CORAM HEALTHCARE CORP
8-A12B, 1997-07-01
HOME HEALTH CARE SERVICES
Previous: INDEPENDENCE TAX CREDIT PLUS LP III, NT 10-K, 1997-07-01
Next: SPORTS CLUB CO INC, SC 13D, 1997-07-01



<PAGE>   1

                       SECURITIES AND EXCHANGE COMMISSION

                             Washington, D.C. 20549

                                 ---------------

                                    FORM 8-A

               FOR REGISTRATION OF CERTAIN CLASSES OF SECURITIES
                    PURSUANT TO SECTION 12(b) OR (g) OF THE
                        SECURITIES EXCHANGE ACT OF 1934


                          Coram Healthcare Corporation
             (Exact name of registrant as specified in its charter)

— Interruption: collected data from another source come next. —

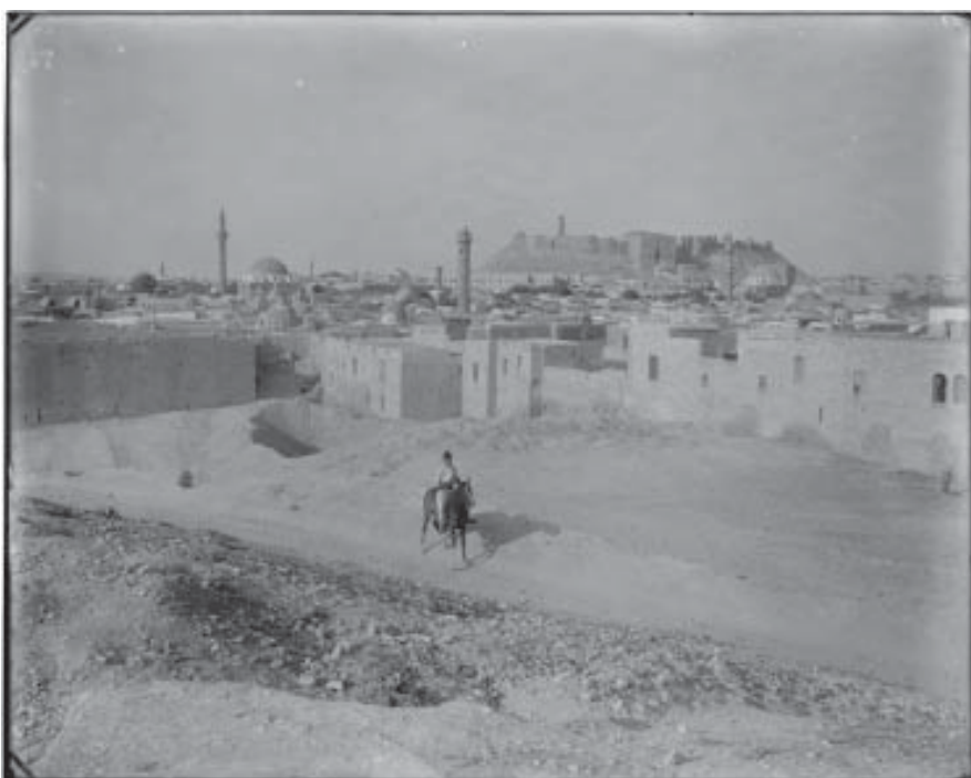
4. Vue d'Alep (Syrie), une des villes au centre du « débat sur la ville islamique », photographie de la première moitié du XX e siècle, Washington, Library of Congress.

Il peut être – et a été – défendu que le qualificatif d'art islamique est hautement imparfait. Cette catégorie résiste pourtant. Dans ces circonstances, il est peut-être intéressant de déterminer non pas tant l'origine du terme que la manière dont il est demeuré opératoire dans l'histoire de l'art occidentale au cours du XX e siècle, et s'il est toujours compris de la même façon.
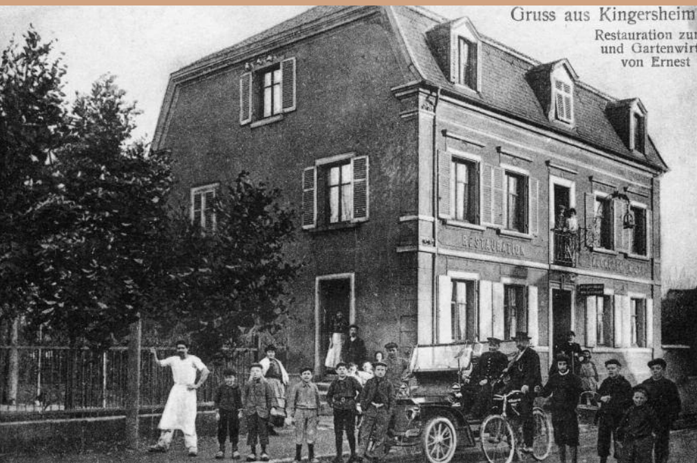
Gruss aus Kingersheim, O.-Els. Restauration zur Krone und Gartenwirtschaft von Ernest Ott

Deux moyens de locomotion devant le restaurant Ott, rue Principale (l'un des nombreux bistrotts que comptait la commune) et qui est l'actuelle boulangerie Lidolf rue de Hirschau.
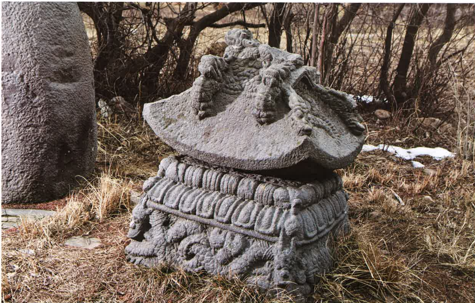
학림사 일명부도비 비좌와 보개 / 鶴林寺 逸名浮屠碑 碑座·寶蓋 / supporting stone and the head of memorial stupa monument, Hangnimsa
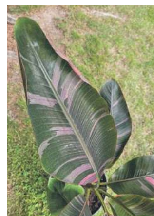
Liść bananowca z różowym przebarwieniem
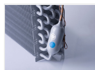
Evaporador con tratamiento anticorrosión
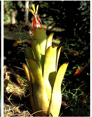
10 A. chantinii

             Delaware                                     33-0615337
     (State of Incorporation)                            (IRS Employer
                                                       Identification No.)

     Bank One Building
1125 17th Street, Suite 2100
     Denver, Colorado                                         80202
(Address of principal executive offices)                    (Zip Code)

Securities to be registered pursuant to Section 12(b) of the Act:


<TABLE>
<CAPTION>
Title of each class                   Name of each exchange on which
to be so registered                   each class is to be registered
- -------------------                   ------------------------------
<S>                                   <C>
Preferred Share                       New York Stock Exchange
Purchase Rights
</TABLE>

- -----------------------------------------------------------------
Securities to be registered pursuant to Section 12(g) of the Act:


                                    None
                              (Title of Class)
<PAGE>   2
Item 1.  Description of Securities To Be Registered.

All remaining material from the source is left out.